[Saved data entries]
*** Block opens ***

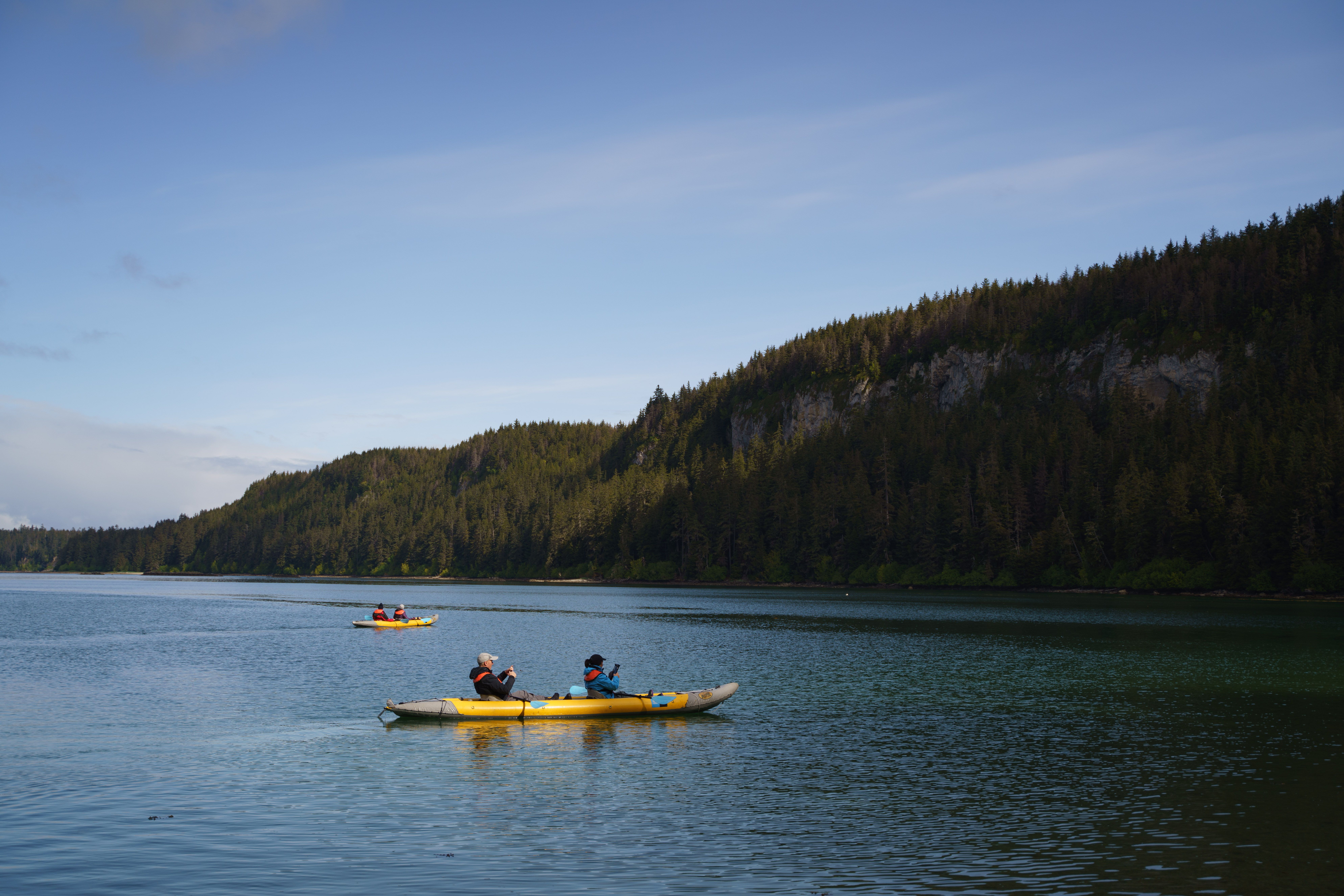 Today’s weather was just about as nice as we could have asked for here in Southeast Alaska. The morning was calm and moody, but as the day went on, the clouds burned off and left us with some blue skies and sunshine. Guests had the chance to kayak and hike inside the scenic bay of Hallack Harbor on Kuiu Island. We then lifted the anchor and headed up Chatham Strait, finding a few humpback whales diving and swimming in the late evening.
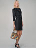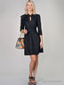 Оригинальное платье из мягкого материала. Модель приталенного силуэта. Ворот-стойка. Прямые рукава 3/4. Полочка декорирована многослойным воланом. Талия подчеркивается с помощью пояса с оборками.
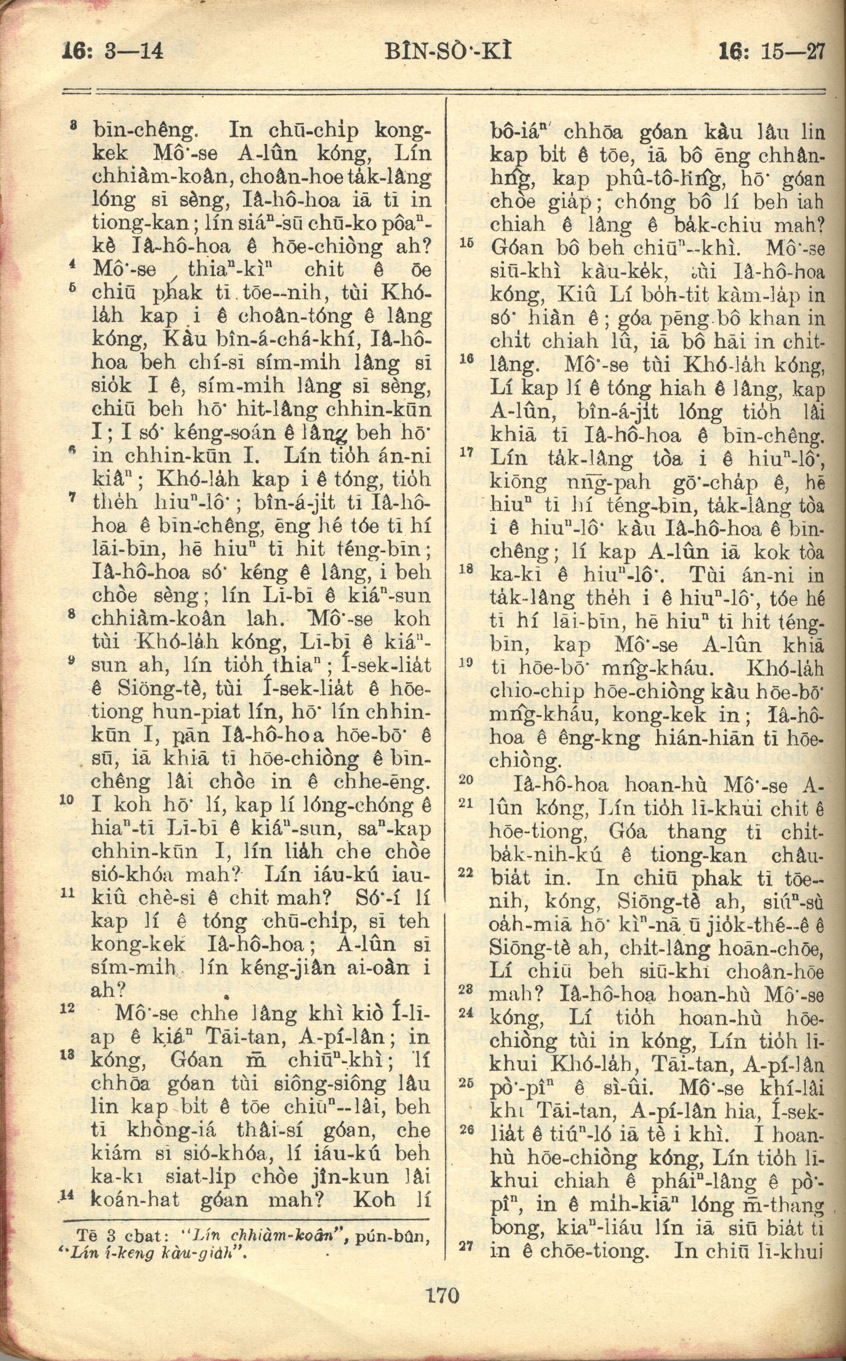 1957年巴克禮全羅台語聖經串珠版 民數記 16 章 3 節到 16 章 27 節
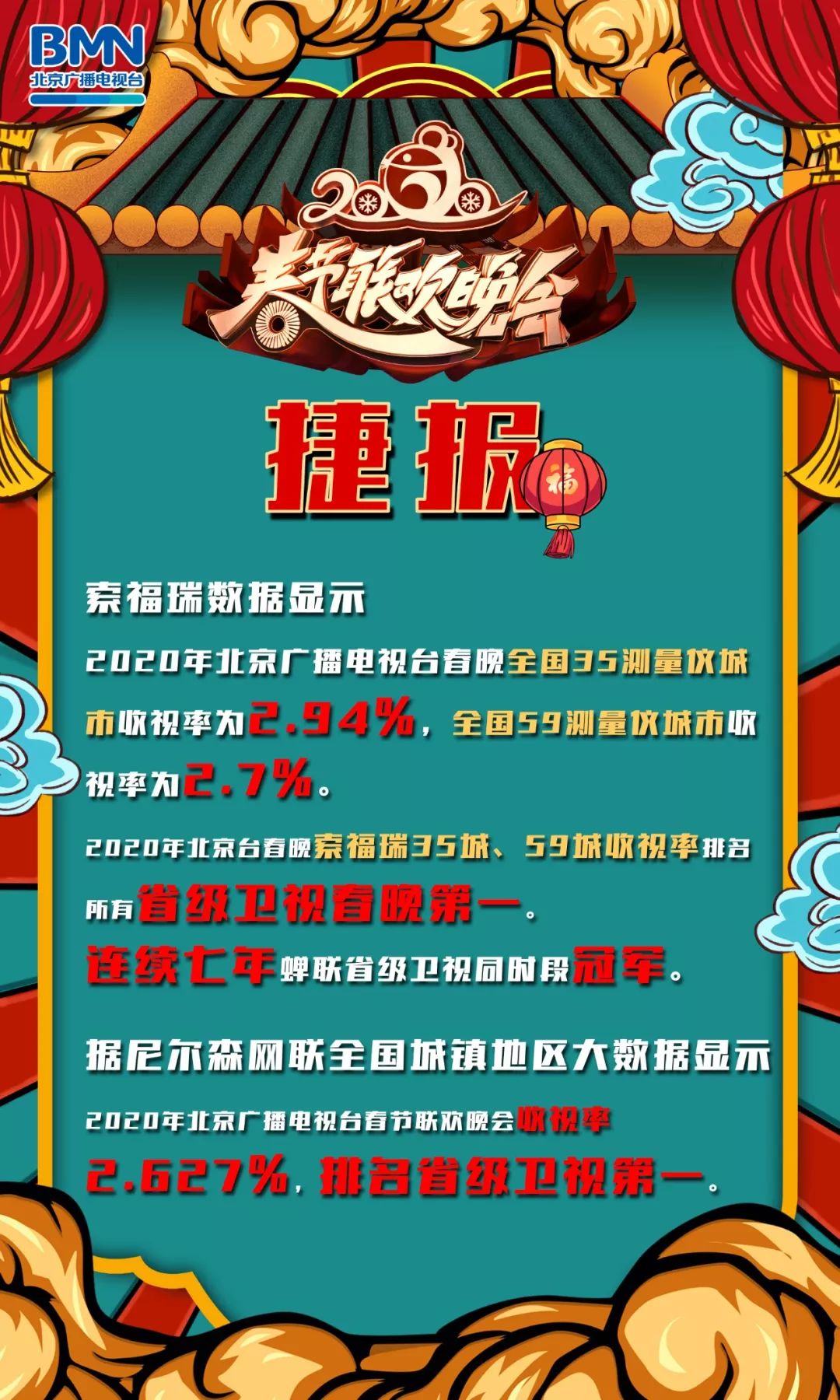 索福瑞数据显示,2020年北京广播电视台春晚全国35测量仪城市收视率为2.94%,全国59测量仪城市收视率为2.7%。2020年北京台春晚索福瑞35城、59城收视率排名所有省级卫视春晚第一。连续七年蝉联省级卫视同时段冠军。据尼尔森网联全国城镇地区大数据显示, 2020年北京广播电视台春节联欢晚会收视率2.627%,排名省级卫视第一。
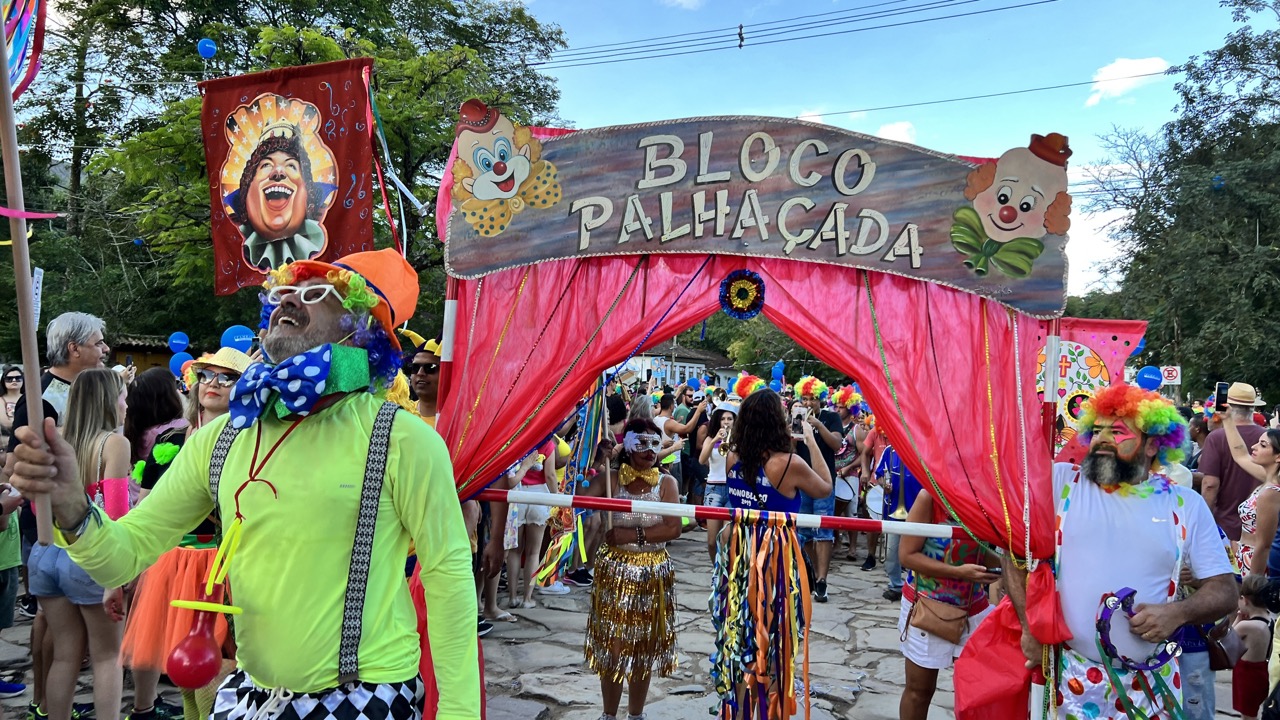 A prova desta animação toda foi o número gigantesco de pessoas que saiu no Bloco Palhaçada, no meio da tarde desta segunda-feira. Repleto de crianças e privilegiando a diversão da família, esta agremiação tradicional em Tiradentes fez sua concentração no Largo das Mercês e de lá saiu arrastando milhares de foliões pelo Centro Histórico. Até o prefeito Nilzio Barbosa Pinto (foto) vestiu a fantasia de palhaço e, megafone nas mãos, se destacou fazendo brincadeiras e fotografias com outros foliões. O Bloco também trouxe duas baterias, inédito até então este ano, e muita gente fantasiada, especialmente as crianças, já que ele tem essa característica de atrair o público infantil.
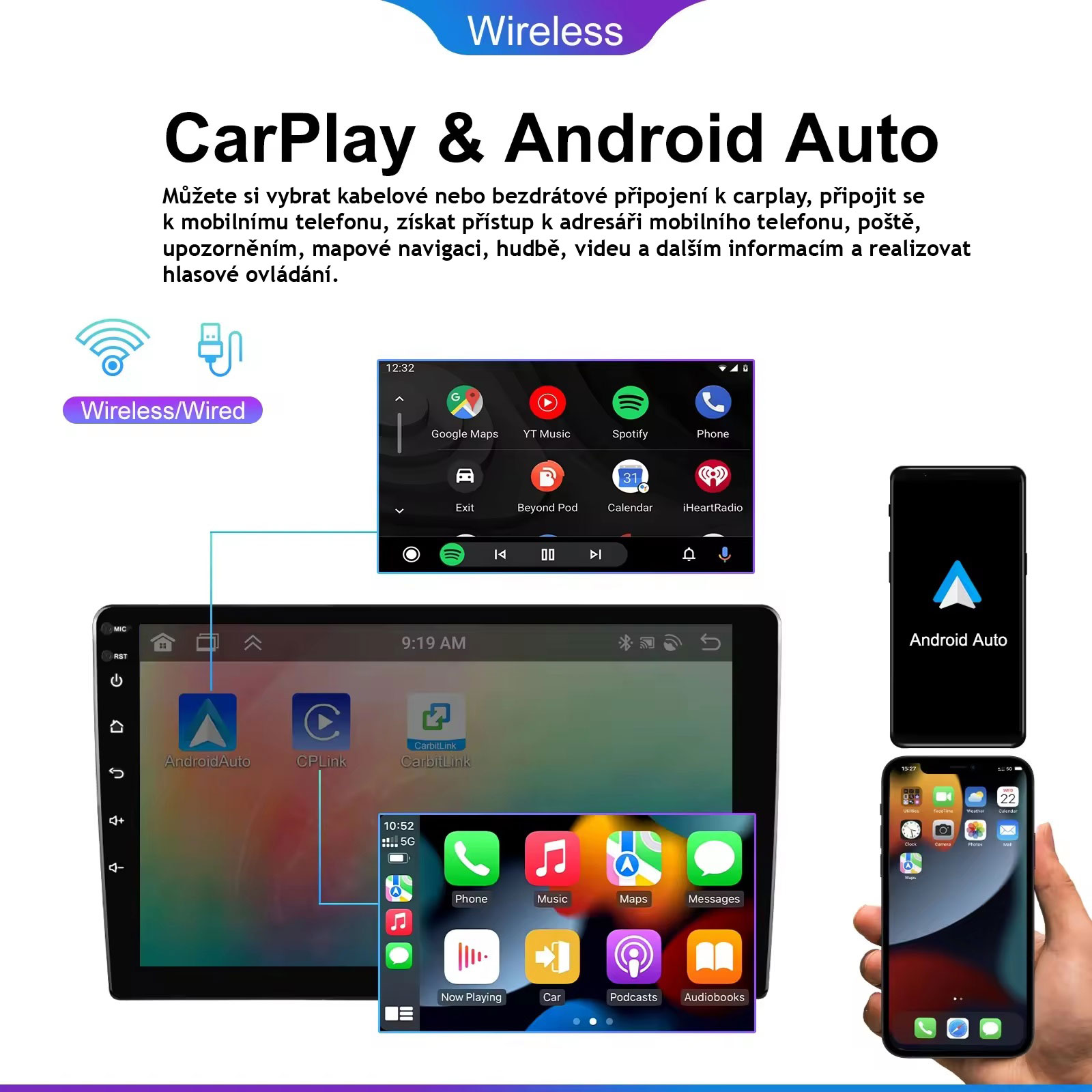 2DIN Autoradio A3453 s 9" LCD, Android 13 CarPlay, Android Auto, 4GB RAM, 64GB ROM, WiFi, GPS, Bluetooth, RDS - Cena: 4472 Kč
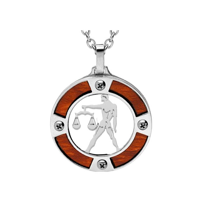 Collier acier pendentif rond zodiaque balance aspect bois clair et vis cruciforme 50+5cm
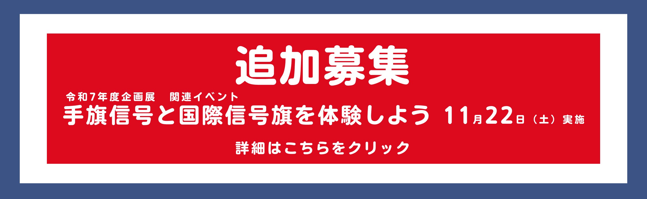 令和7年度企画展 関連イベント 「手旗信号と国際信号旗を体験しよう」(11月22日(土)実施)の事前申し込み延長のお知らせ(電話予約)
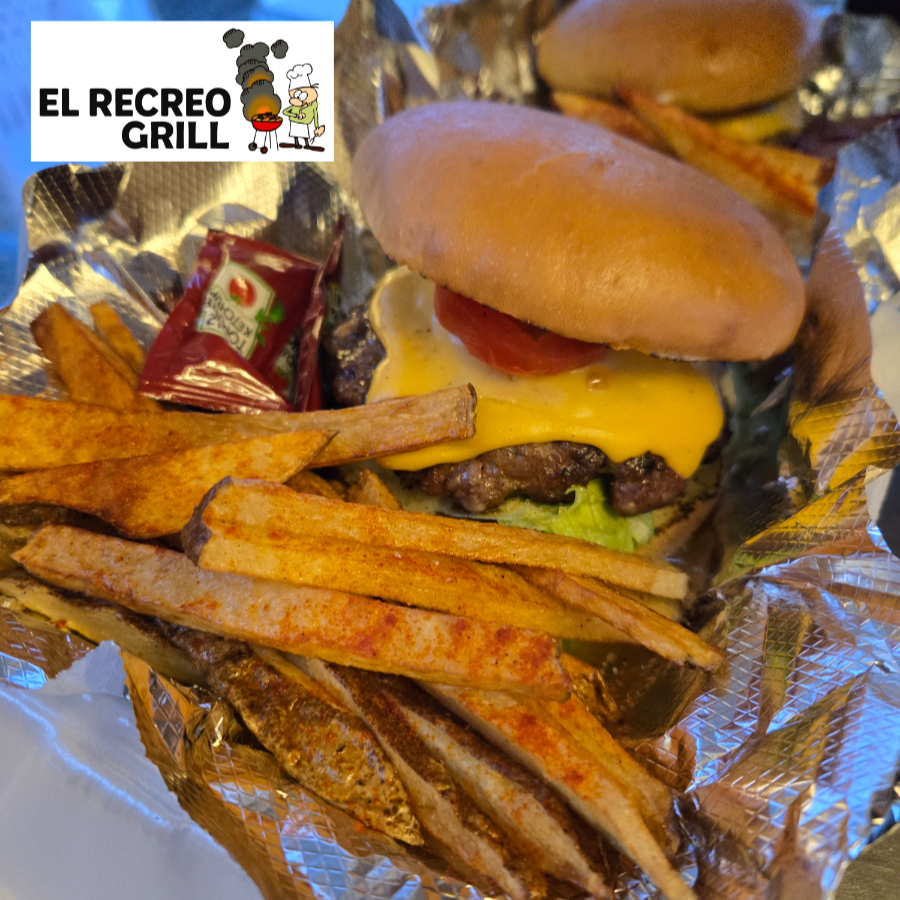Carne de res calidad Angus preparada en casa, pan brioche, queso amarillo, queso menonita, vegetales. Acompañada con papas fritas.
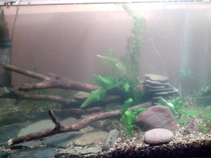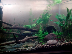 Собираюсь завести аквариум. Аквариум самоклей, примерно 80 литров В40, Д60-70, Г35-40 см. Грунт камушки, крупный песок, место под кормешкой выложу плоскими камнями, грот из плоской гальки на силиконе, коряга или две (натуральные), растения скорее всего в горшочках с землей обсыпанные камушками. Крышку / свет тоже самоклей + пленка под дерево. В наличии все кроме компрессора, фильтра и терморегулятора (но это решаемо), так что скоро как разгребусь с завалом, то начну собирать.
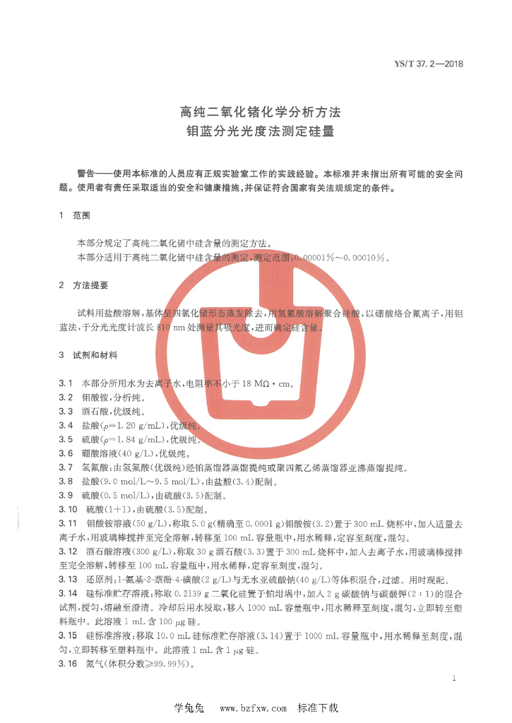YS/T 37.2-2018 高纯二氧化锗化学分析方法 钼蓝分光光度法测定硅量
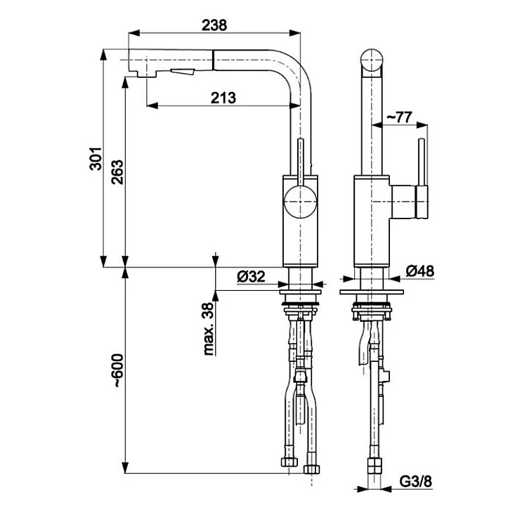 Получите AI советы по Смеситель для кухни с вытяжным изливом KFA ARMATURA DUERO BASIC INOX 6623-110-34 медь
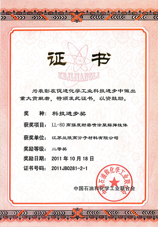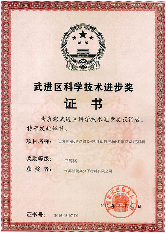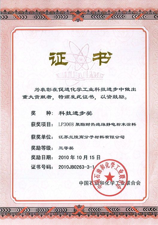 LL-80中石化科技進步二等獎 粉末科技進步獎證書 低表面處理鋼管用紫外
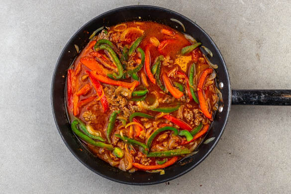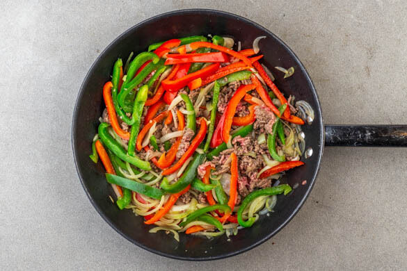 Das Hackfleisch in die Pfanne geben, mit je ½TL Salz und Pfeffer würzen und in 3–4Min. krümelig anbraten. Dann die Hitze erhöhen und in 5–7Min. weiterbraten, bis die Paprikastreifen weich werden.

*** Block closes ***

What to produce. Each entry above should be copied word for word, with the images omitted.

Solution to the exercise.
 Today’s weather was just about as nice as we could have asked for here in Southeast Alaska. The morning was calm and moody, but as the day went on, the clouds burned off and left us with some blue skies and sunshine. Guests had the chance to kayak and hike inside the scenic bay of Hallack Harbor on Kuiu Island. We then lifted the anchor and headed up Chatham Strait, finding a few humpback whales diving and swimming in the late evening.
 Оригинальное платье из мягкого материала. Модель приталенного силуэта. Ворот-стойка. Прямые рукава 3/4. Полочка декорирована многослойным воланом. Талия подчеркивается с помощью пояса с оборками.
 1957年巴克禮全羅台語聖經串珠版 民數記 16 章 3 節到 16 章 27 節
 索福瑞数据显示,2020年北京广播电视台春晚全国35测量仪城市收视率为2.94%,全国59测量仪城市收视率为2.7%。2020年北京台春晚索福瑞35城、59城收视率排名所有省级卫视春晚第一。连续七年蝉联省级卫视同时段冠军。据尼尔森网联全国城镇地区大数据显示, 2020年北京广播电视台春节联欢晚会收视率2.627%,排名省级卫视第一。
 A prova desta animação toda foi o número gigantesco de pessoas que saiu no Bloco Palhaçada, no meio da tarde desta segunda-feira. Repleto de crianças e privilegiando a diversão da família, esta agremiação tradicional em Tiradentes fez sua concentração no Largo das Mercês e de lá saiu arrastando milhares de foliões pelo Centro Histórico. Até o prefeito Nilzio Barbosa Pinto (foto) vestiu a fantasia de palhaço e, megafone nas mãos, se destacou fazendo brincadeiras e fotografias com outros foliões. O Bloco também trouxe duas baterias, inédito até então este ano, e muita gente fantasiada, especialmente as crianças, já que ele tem essa característica de atrair o público infantil.
 2DIN Autoradio A3453 s 9" LCD, Android 13 CarPlay, Android Auto, 4GB RAM, 64GB ROM, WiFi, GPS, Bluetooth, RDS - Cena: 4472 Kč
 Collier acier pendentif rond zodiaque balance aspect bois clair et vis cruciforme 50+5cm
 令和7年度企画展 関連イベント 「手旗信号と国際信号旗を体験しよう」(11月22日(土)実施)の事前申し込み延長のお知らせ(電話予約)
Carne de res calidad Angus preparada en casa, pan brioche, queso amarillo, queso menonita, vegetales. Acompañada con papas fritas.
 Собираюсь завести аквариум. Аквариум самоклей, примерно 80 литров В40, Д60-70, Г35-40 см. Грунт камушки, крупный песок, место под кормешкой выложу плоскими камнями, грот из плоской гальки на силиконе, коряга или две (натуральные), растения скорее всего в горшочках с землей обсыпанные камушками. Крышку / свет тоже самоклей + пленка под дерево. В наличии все кроме компрессора, фильтра и терморегулятора (но это решаемо), так что скоро как разгребусь с завалом, то начну собирать.
YS/T 37.2-2018 高纯二氧化锗化学分析方法 钼蓝分光光度法测定硅量
 Получите AI советы по Смеситель для кухни с вытяжным изливом KFA ARMATURA DUERO BASIC INOX 6623-110-34 медь
 LL-80中石化科技進步二等獎 粉末科技進步獎證書 低表面處理鋼管用紫外
 Das Hackfleisch in die Pfanne geben, mit je ½TL Salz und Pfeffer würzen und in 3–4Min. krümelig anbraten. Dann die Hitze erhöhen und in 5–7Min. weiterbraten, bis die Paprikastreifen weich werden.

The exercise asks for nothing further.